In open source software, you can take the time to read the source code and see what if does. You can rewrite it (make your own version) if you don't like something (like objecting to spinning up an email sender and mailing out your data...)
How can you validate a closed source binary? You cant, what you can do is pay someone for that binary, and then try to hold them legally liable if something bad happens from its contents.

Really what is being traded away is someone to pass the buck to...

1 Like

From Cran's front page :

Note that we generally do not accept submissions of precompiled binaries due to security reasons. All binary distribution listed above are compiled by selected maintainers, who are in charge for all binaries of their platform, respectively

I'm not a legal expert, but maybe there would be someone...

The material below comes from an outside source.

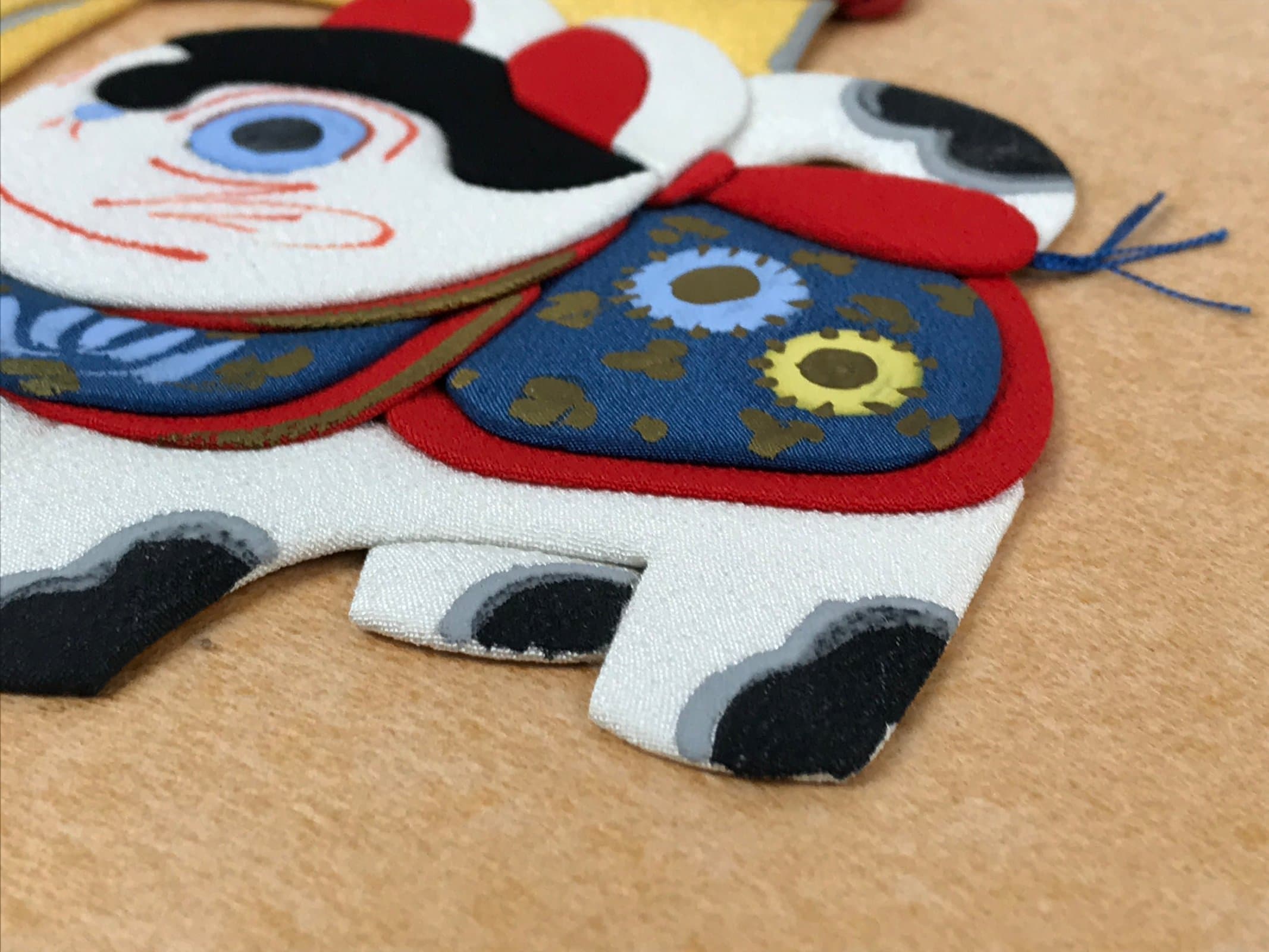This item is a vintage Japanese shikishi art board. In the style of oshie zaiku, or padded silk, this piece features raised zodiac image of a tiger and other feline traditional figurines in various colors. This particular piece was handcrafted at the Higashigawa Handicraft Workshop in Omi Hachiman, Shiga Prefecture and comes with its original cardboard cover. It is signed with red seals.

I think the CEO does have a small point that it might make sense in a corporate environment to disallow downloading R packages posted on random github repositories. On the other hand, it would be surprising if there were no open source software already in use. No Linux, Firefox, Apache Web Server, Nginix ... That might be true but I think that would be very unusual in a company that is not very small.

1 Like

On large production environments they use to have their own repositories with "approved" packages to avoid this potential issue.

I sometimes work in environments without access to the internet. That is one sure way that this can't happen. I agree that there is probably no convincing this CEO. What's stopping SAS, SPSS, or Stats from doing the same thing? It's not open source so we can't even see how the sausage is made.

I like FJCC's point about Linux being opensource, and something of an industry standard.

Thanks folks! This has been really helpful, particularly the point that banning open source would be impractical.